### Exercise requirements
The listing below should be printed exactly, though its pictures must not be.

### Provided data
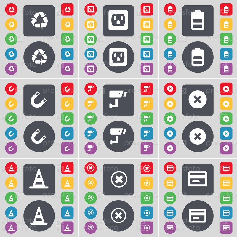 Переработка, разъем, батарея, магнит, CCTV, остановка, конус, стоп, кредитные карты значок символа. большой набор плоских цветных кнопок для вашего дизайна. вектор
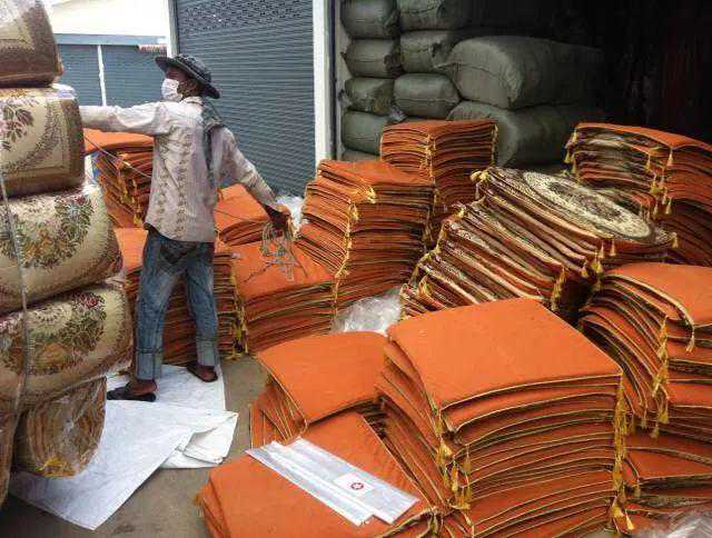 这个,无神论者金老板早些年是不知道的。直到,他承包了全泰国的佛垫。每个月,有两大货柜总计二十万条佛垫,从他位于杭州余杭运河镇的工厂发出,迢迢千里,到达泰国最大的口岸。很快,这些制作精良的佛垫,就会出现在泰国大小寺庙,数以万计虔诚信徒的膝下,与不息的香火构成佛国一道独特的风景。
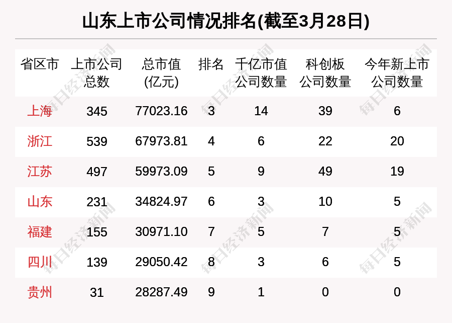 截至3月26日收盘,山东共有A股上市公司231家,其中上交所主板82家,深交所主板27家,科创板10家,创业板42家,中小板70家。

### Exercise response
 Переработка, разъем, батарея, магнит, CCTV, остановка, конус, стоп, кредитные карты значок символа. большой набор плоских цветных кнопок для вашего дизайна. вектор
 这个,无神论者金老板早些年是不知道的。直到,他承包了全泰国的佛垫。每个月,有两大货柜总计二十万条佛垫,从他位于杭州余杭运河镇的工厂发出,迢迢千里,到达泰国最大的口岸。很快,这些制作精良的佛垫,就会出现在泰国大小寺庙,数以万计虔诚信徒的膝下,与不息的香火构成佛国一道独特的风景。
 截至3月26日收盘,山东共有A股上市公司231家,其中上交所主板82家,深交所主板27家,科创板10家,创业板42家,中小板70家。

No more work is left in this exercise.